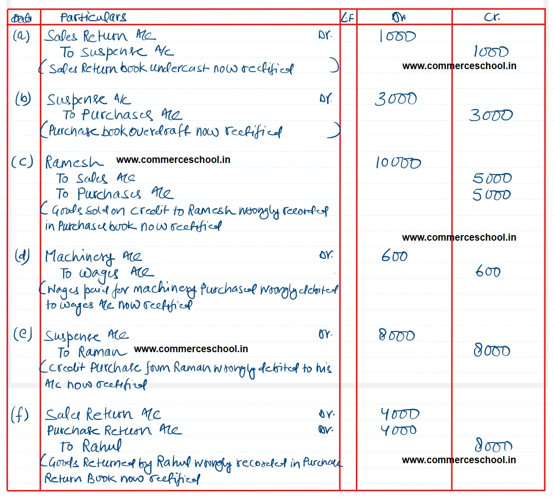 (c) Goods sold on credit to Ramesh ₹ 5,000 were recorded in purchases book.
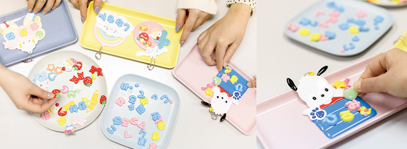 サンリオキャラクターのプレートに、好みのモチーフと文字パーツでお名前プレート作りが楽しめるコーナー。
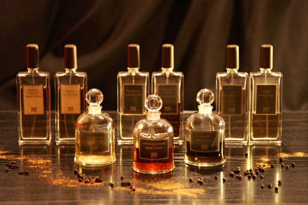 Butelki perfum Serge Lutens z ziarnkami kawy i cynamonem
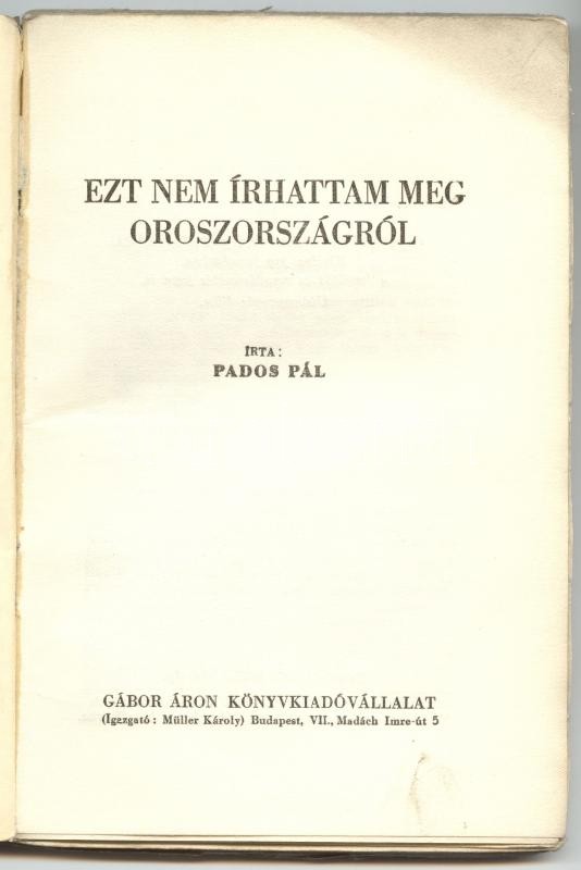 Beschreibung: Pados Tibor: Ezt nem írhattam meg Oroszországból. Bp., 1945. Gábor Áron. 126p.
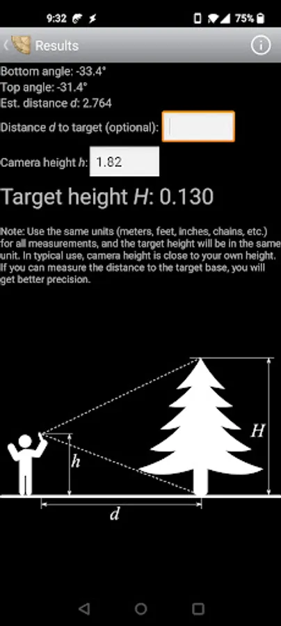 Quickly measure the heights of buildings, trees, stomp rocket flights, etc., by first pointing the camera at one end of the object and then the other. Doubles as a simple camera clinometer that can use either the back or the front camera.
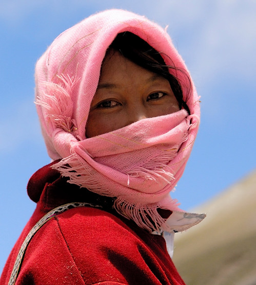 带面巾且无语的女人,让人感到十分神秘。
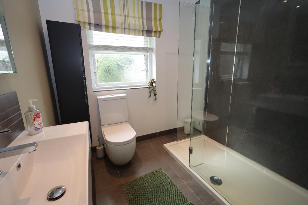 BATHROOM Modern 3 piece shower room suite comprising double walk in shower unit with Mira electric shower, push button W/C, half pedestal wash hand basin with mixer tap and storage, powered mirror, heated towel rail, ceramic tiled flooring, downlighters, shelved hot press
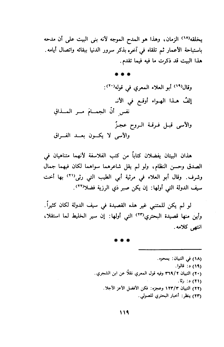 هذان البيتان يفضلان كتاباً من كتب الفلاسفة لأنهما متناهيان في الصدق وحسن النظام، ولو لم يقل شاعرهما سواهما لكان فيهما جمال وشرف. وقال أبو العلاء في مرثية أبي الطيب التي رثى بها أخت سيف الدولة التي أولها: إن يكن صبر ذي الرزية فضلا.
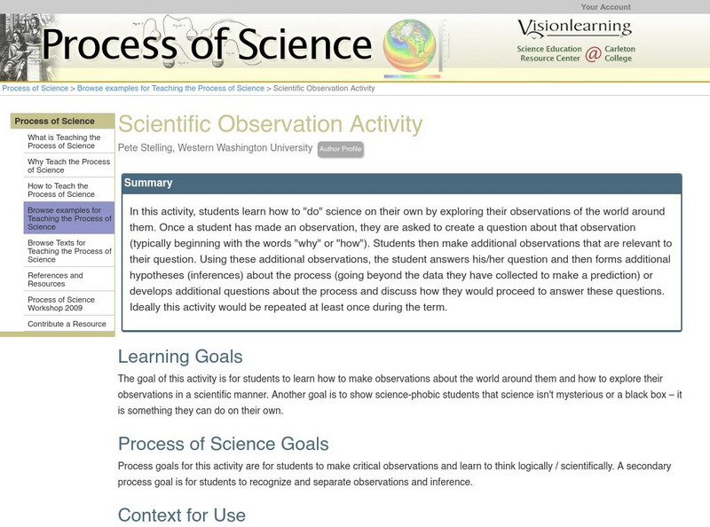 For this structured exercise, students are asked to observe the world around them and make an observation about any sort of process they see. They then ask a how or why question about their observation, and follow that by three or more...
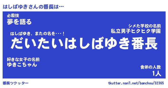 | ファンタジー風あだ名 | 『ハシフェル』『エターナルハシバユキー』 |
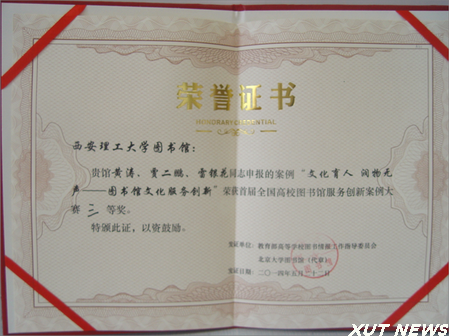 本次大赛由教育部高等学校图书情报工作指导委员会主办,设一、二、三等奖及优秀奖,共收到全国105所高校图书馆提交的156项服务创新案例申报材料。经过25位专家评审,最终32项服务案例获一、二、三等奖。20项获优秀奖,其中陕西省高校获奖共3项,我校占2项。
━━━━━━━━━━━━━━━━
WHAT IS REQUIRED: Once the line containing "ファンタジー風あだ名 | 『ハシフェル』『エターナルハシバユキー』 |" is found, write out exactly that line and each line after it through the end of the entries, omitting pictures.

RESPONSE AREA:
 | ファンタジー風あだ名 | 『ハシフェル』『エターナルハシバユキー』 |
 本次大赛由教育部高等学校图书情报工作指导委员会主办,设一、二、三等奖及优秀奖,共收到全国105所高校图书馆提交的156项服务创新案例申报材料。经过25位专家评审,最终32项服务案例获一、二、三等奖。20项获优秀奖,其中陕西省高校获奖共3项,我校占2项。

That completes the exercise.